**Task instructions**
If an entry contains a picture, omit that picture and transcribe everything else exactly.

**Exercise materials**
.....

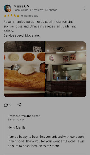 Read moreWe were on the way to this restaurant. This would have been our second visit and last time we visited the restaurant the service was very slow. It took about 50 mins to get our dosas on the table. So this time around we decided to order the food in advance so it will be ready by the time we reach the restaurant for dine in. Some one answers the phone and I say I would like to pre order my dosas, and I will be there in 10 mins. The person responds that they don’t take pre order for dosas, whereas in one of their responses to a review they recommend to pre order because people have complained in multiple reviews that their service is slow. So to this I say last time I had to wait for 50 mins hence we decided to be proactive this time and order before hand. The person tells me very rudely that it might have been busy and he cannot serve me first bypassing the other orders. I never requested for that. I still insist that I would like to pre order, he can start prepping my dosa and I would be there in 10 mins. At the end he again says rudely, the dosa will be ready in 5 mins and if it gets cold it’s my responsibility, to which I say can you please hold on for a minute and he just hangs up. The exact same moment we decided to go to another restaurant and not visit them. The way you speak to your customers go a long way in building a loyal customer base, when you are this rude I don’t think anyone would come eat at such a place where they are disrespected. I am not the only one who complained about their service being slow and I don’t think I will be the last one. Their food is excellent and that is the reason we wanted to visit them again but with this experience I am never going...
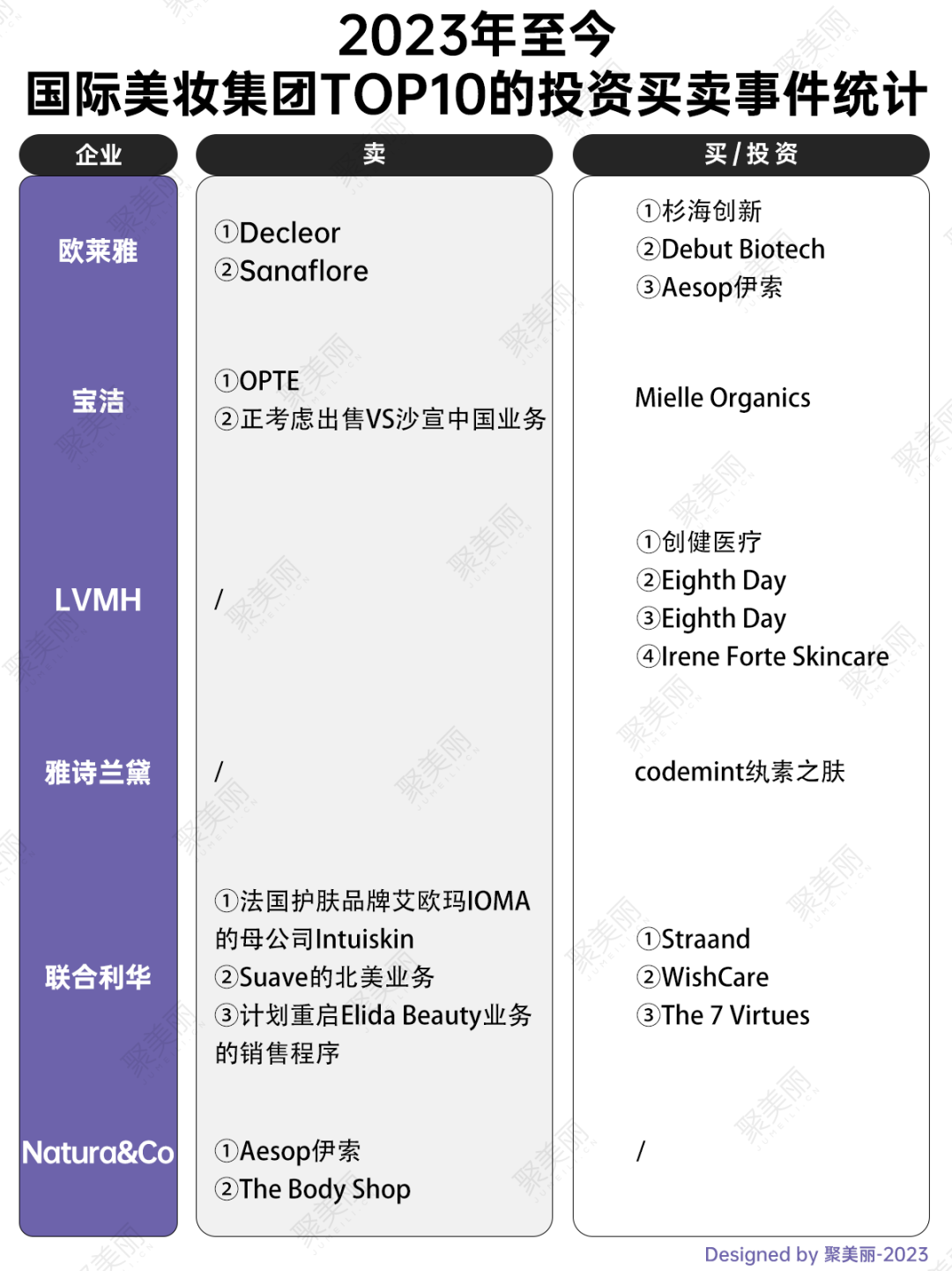 作为全球TOP的美妆集团,在其商业逻辑中,多品牌是写在其成功路径中的清晰战略。今年以来各个美妆集团也是摩拳擦掌,买卖不断。据聚美丽不完全统计,今年以来国际美妆集团TOP10中已发生21起资本买卖事件。
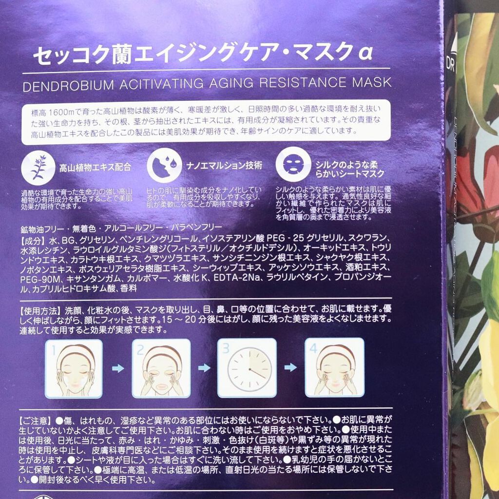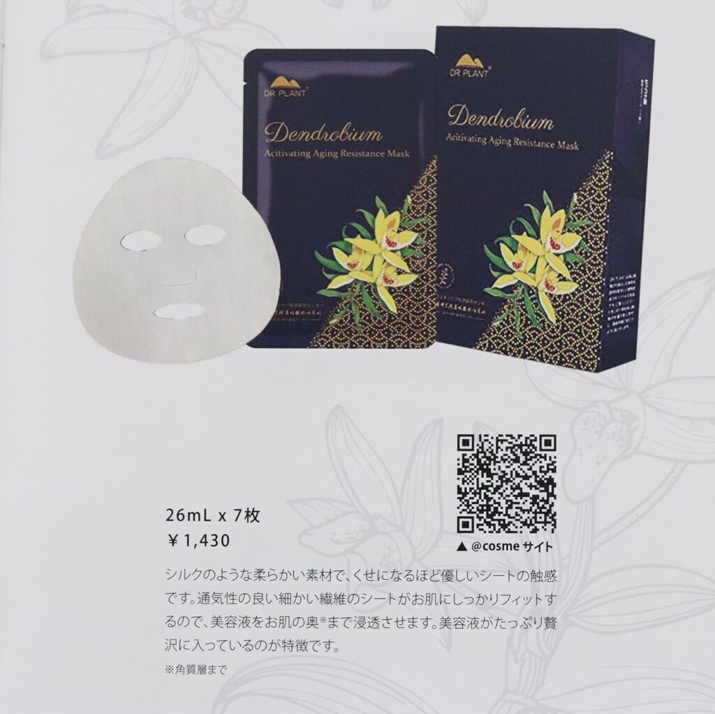 乾燥が気になる方ぜひ。 セッコク蘭マスク。封を開けると滴るくらいの美容液成分に浸った柔らかシートマスクがっ。 お顔はもちろん、小鼻や目元などのマスクが浮きがちな場所もしっかりシットリフィットしてくれ、まるで湯葉で出来たシートマスクなんです。 15分後はずすとしっとりモチモチ。翌朝の肌も違うっ。 価格も手頃なので、1週間に1度使っていますよ。
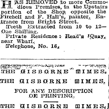 Mi&S REMOVED Ito more Commodious Premises, In the Upstairs portion ol the Shop, opposite the Firebell and F. Hall’s, painter. Entrance from Bright Street. iTeeth Extracted from 10 to 12 — One Shilling. Private Residence ; Read’s JQuay, near Wharf. Telephone, No. 16j .THE GI SBOR NE " IE IME Sj THE GISBORNE [DIMES. FOR ANY DESCRIPTION OE PRINTING. THE GISBORNE TIMES*/
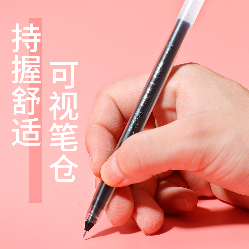 得力直液式走珠笔速干大容量直液笔0.5黑色中性笔学生用速干刷题笔水性笔直液笔圆珠笔商务办公简约风笔杆
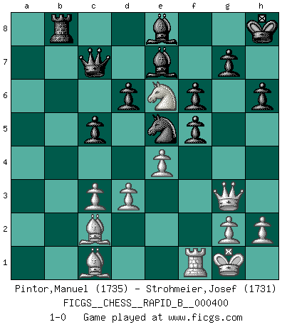 Last move : 1-0 2025 March 12 21:56:40 [Event "FICGS__CHESS__RAPID_B__000400"] [Site "FICGS"] [Date "2025.02.05"] [Round "1"] [White "Pintor,Manuel"] [Black "Strohmeier,Josef"] [Result "1-0"] [WhiteElo "1735"] [BlackElo "1731"] 1.e4 c5 2.f4 Nc6 3.Nf3 d6 4.Bc4 e6 5.O-O a6 6.a4 Be7 7.d3 Qc7 8.Ng5 Nf6 9.Nc3 O-O 10.Qf3 h6 11.Nh3 Bd7 12.Ne2 Rab8 13.c3 b5 14.axb5 axb5 15.Bb3 Ra8 16.Rxa8 Rxa8 17.Ng3 b4 18.Nh5 bxc3 19.bxc3 Rb8 20.Bc2 Nxh5 21.Qxh5 Be8 22.f5 f6 23.Qg4 Ne5 24.Qg3 Kh8 25.Nf4 exf5 26.Ne6 1-0 Follow this game move after move (download)Man is a frivolous, a specious creature, and like a Chess player, cares more for the process of attaining his goal than for the goal itself. (Dostoyevsky) Es ist wirklich schade, dass so viele Schachspieler nicht auf ihr Äußeres achten! (Alexandra Kosteniuk) El Ajedrez es una manera fabulosa para que los niños aprendan a autovalorarse y a autoestimarse. (Saudin Robovic) Je crois qu'il existe des manières très spécifiques de jouer efficacement contre une machine. Evidemment, nous n'avons aucune chance en technique pure, parce que l'ordinateur calcule de manière parfaite. Mais lorsque nous faisons appel à notre cerveau, en utilisant l'intuition et la compréhension, alors nous restons beaucoup plus forts. (Anatoli Karpov) CHESS, n. f. [echecs, Fr.] A nice and abstruse game, in which two sets of puppets are moved in opposition to each other. (Dr Samuel Johnson, A Dictionary Of The English Language, 1755)

.....

**Exercise result**
 Read moreWe were on the way to this restaurant. This would have been our second visit and last time we visited the restaurant the service was very slow. It took about 50 mins to get our dosas on the table. So this time around we decided to order the food in advance so it will be ready by the time we reach the restaurant for dine in. Some one answers the phone and I say I would like to pre order my dosas, and I will be there in 10 mins. The person responds that they don’t take pre order for dosas, whereas in one of their responses to a review they recommend to pre order because people have complained in multiple reviews that their service is slow. So to this I say last time I had to wait for 50 mins hence we decided to be proactive this time and order before hand. The person tells me very rudely that it might have been busy and he cannot serve me first bypassing the other orders. I never requested for that. I still insist that I would like to pre order, he can start prepping my dosa and I would be there in 10 mins. At the end he again says rudely, the dosa will be ready in 5 mins and if it gets cold it’s my responsibility, to which I say can you please hold on for a minute and he just hangs up. The exact same moment we decided to go to another restaurant and not visit them. The way you speak to your customers go a long way in building a loyal customer base, when you are this rude I don’t think anyone would come eat at such a place where they are disrespected. I am not the only one who complained about their service being slow and I don’t think I will be the last one. Their food is excellent and that is the reason we wanted to visit them again but with this experience I am never going...
 作为全球TOP的美妆集团,在其商业逻辑中,多品牌是写在其成功路径中的清晰战略。今年以来各个美妆集团也是摩拳擦掌,买卖不断。据聚美丽不完全统计,今年以来国际美妆集团TOP10中已发生21起资本买卖事件。
 乾燥が気になる方ぜひ。 セッコク蘭マスク。封を開けると滴るくらいの美容液成分に浸った柔らかシートマスクがっ。 お顔はもちろん、小鼻や目元などのマスクが浮きがちな場所もしっかりシットリフィットしてくれ、まるで湯葉で出来たシートマスクなんです。 15分後はずすとしっとりモチモチ。翌朝の肌も違うっ。 価格も手頃なので、1週間に1度使っていますよ。
 Mi&S REMOVED Ito more Commodious Premises, In the Upstairs portion ol the Shop, opposite the Firebell and F. Hall’s, painter. Entrance from Bright Street. iTeeth Extracted from 10 to 12 — One Shilling. Private Residence ; Read’s JQuay, near Wharf. Telephone, No. 16j .THE GI SBOR NE " IE IME Sj THE GISBORNE [DIMES. FOR ANY DESCRIPTION OE PRINTING. THE GISBORNE TIMES*/
 得力直液式走珠笔速干大容量直液笔0.5黑色中性笔学生用速干刷题笔水性笔直液笔圆珠笔商务办公简约风笔杆
 Last move : 1-0 2025 March 12 21:56:40 [Event "FICGS__CHESS__RAPID_B__000400"] [Site "FICGS"] [Date "2025.02.05"] [Round "1"] [White "Pintor,Manuel"] [Black "Strohmeier,Josef"] [Result "1-0"] [WhiteElo "1735"] [BlackElo "1731"] 1.e4 c5 2.f4 Nc6 3.Nf3 d6 4.Bc4 e6 5.O-O a6 6.a4 Be7 7.d3 Qc7 8.Ng5 Nf6 9.Nc3 O-O 10.Qf3 h6 11.Nh3 Bd7 12.Ne2 Rab8 13.c3 b5 14.axb5 axb5 15.Bb3 Ra8 16.Rxa8 Rxa8 17.Ng3 b4 18.Nh5 bxc3 19.bxc3 Rb8 20.Bc2 Nxh5 21.Qxh5 Be8 22.f5 f6 23.Qg4 Ne5 24.Qg3 Kh8 25.Nf4 exf5 26.Ne6 1-0 Follow this game move after move (download)Man is a frivolous, a specious creature, and like a Chess player, cares more for the process of attaining his goal than for the goal itself. (Dostoyevsky) Es ist wirklich schade, dass so viele Schachspieler nicht auf ihr Äußeres achten! (Alexandra Kosteniuk) El Ajedrez es una manera fabulosa para que los niños aprendan a autovalorarse y a autoestimarse. (Saudin Robovic) Je crois qu'il existe des manières très spécifiques de jouer efficacement contre une machine. Evidemment, nous n'avons aucune chance en technique pure, parce que l'ordinateur calcule de manière parfaite. Mais lorsque nous faisons appel à notre cerveau, en utilisant l'intuition et la compréhension, alors nous restons beaucoup plus forts. (Anatoli Karpov) CHESS, n. f. [echecs, Fr.] A nice and abstruse game, in which two sets of puppets are moved in opposition to each other. (Dr Samuel Johnson, A Dictionary Of The English Language, 1755)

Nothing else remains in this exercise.